Кэтрин Мэнсфилд[304]
Ах! Чехов! Почему Вы умерли? Почему я не могу поговорить с Вами однажды вечерком в большой сумеречной комнате…» Именно так Кэтрин Мэнсфилд пишет в своем дневнике о невозможных, но столь желанных встречах с людьми, которых нам не суждено узнать, хотя те были созданы, чтобы стать нашими друзьями. Так аббат Мюнье[305] иногда признавался, что более всего сожалеет о том, что не был священником на острове Святой Елены[306] или исповедником Стендаля.

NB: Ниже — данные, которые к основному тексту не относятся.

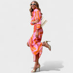 Košulja-kroj s elegantnim ovratnikom i gumbima, lagana i podatna tkanina koja lijepo pada te fluidna silueta s profinjenim prorezom – ova šarena duga haljina stvorena je za trenutni efekt. Suptilno naglašava struk i pruža slobodu kretanja, pa jednako dobro funkcionira u dnevnim kombinacijama i večernjim prilikama.
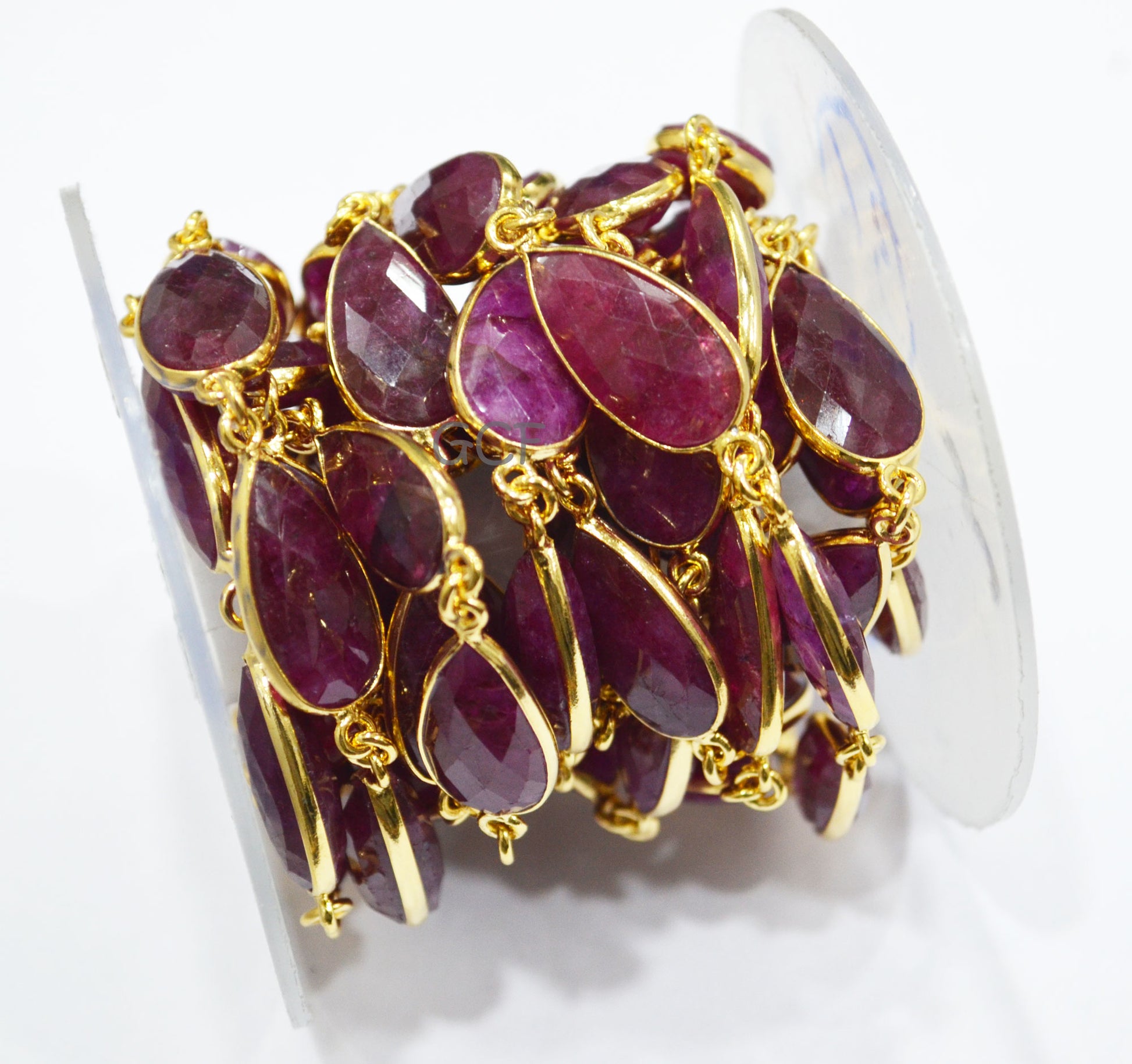 Beryl Ruby Faceted Pear Shape Connector Chain , Beryl Ruby Pear Shape Bezel Link Chain , 11x20 mm , 6824
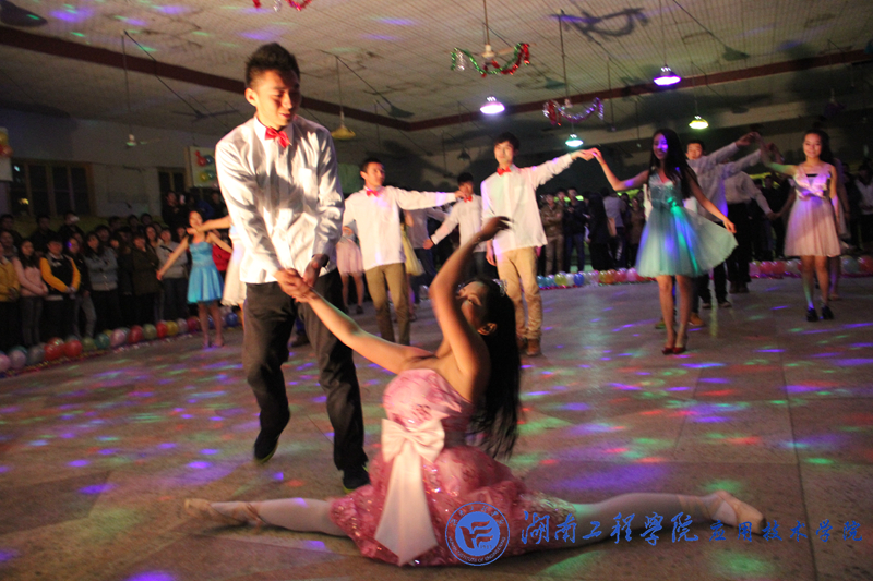 一走进活动中心,精心的布置,节奏欢乐的音乐使现场充满了浓郁的圣诞氛围和温馨浪漫的感觉。主持人宣布舞会开始后,舞者们携带着自己的舞伴以优雅的华尔兹拉开舞会的帷幕。beat365官网新闻通讯社、感恩社、学生会分别依次带来了精心准备的节目,火辣热情的《Twinkle》、活力动感的《NO.9》、精彩绝伦的《斗舞》和《皇室交谊舞》,肢体动作与音乐融为一体,同学们神情愉悦,尽情的舞动青春,现场气氛高潮迭起,引起了观众们阵阵尖叫。

Так мы сами сожалеем всякий раз, читая дневники Кэтрин Мэнсфилд, что не имели возможности однажды вечером на какой-нибудь террасе в Провансе или Тоскане поговорить с ней о писательском мастерстве, которое она чувствовала, подобно Чехову, или о жизни, которую она любила со страстью отчаяния.
Она умерла совсем молодой, оставив в своем полном собрании сочинений лишь несколько коротких новелл; и все же она была великим писателем – из тех, кто привнес в английскую литературу своего времени самую глубокую правдивость, так как она знала, что естественность и искренность несравнимо важнее яркости слов, странности чувств или новизны идей.
I. Жизнь
Ее звали Кэтрин Бичем, и родилась она в Новой Зеландии 14 октября 1888 года. По ее рассказам легко представить себе эту колониальную семью, строго придерживавшуюся чисто английских традиций: решительную бабушку-реалистку, хрупкую мать, даже слишком хрупкую, однако «проживающую каждое мгновение жизни с такой полнотой и беззаветностью, как никто другой», отца – до мозга костей «мужчину», со всей чисто мужской энергичностью и отсутствием деликатности, еще совсем молодую и красивую тетю, погруженную в зарождающуюся любовь, двух старших сестер и младших брата и сестру.
Благодаря книге «Жизнь Кэтрин Мэнсфилд», написанной Рут Манц и Миддлтоном Марри[307], мы получили возможность познакомиться с достоверным описанием семейства Бичем, и стало понятно, что Кэтрин в некоторых своих новеллах запечатлела картины той жизни. Вот только понадобилось немало времени, чтобы в ней созрел тот отстраненный взгляд на Новую Зеландию и свое детство, который и позволил ей полюбить их, увидеть их красоту и передать ее. «Искусство – это переживание, которое мы вспоминаем в спокойствии»; а маленькая Кэтрин Мэнсфилд была девочкой отнюдь не спокойной и не счастливой. Ее отец решил уехать из большого города, Веллингтона, и перебраться в деревню под названием Карори. Там она и выросла, там пошла в начальную школу вместе с детьми булочника и прачки. В семье ее считали ленивицей и копушей; ее укоряли за то, что она тугодум – «не то что сестры», и, однако, уже тогда она пробовала писать.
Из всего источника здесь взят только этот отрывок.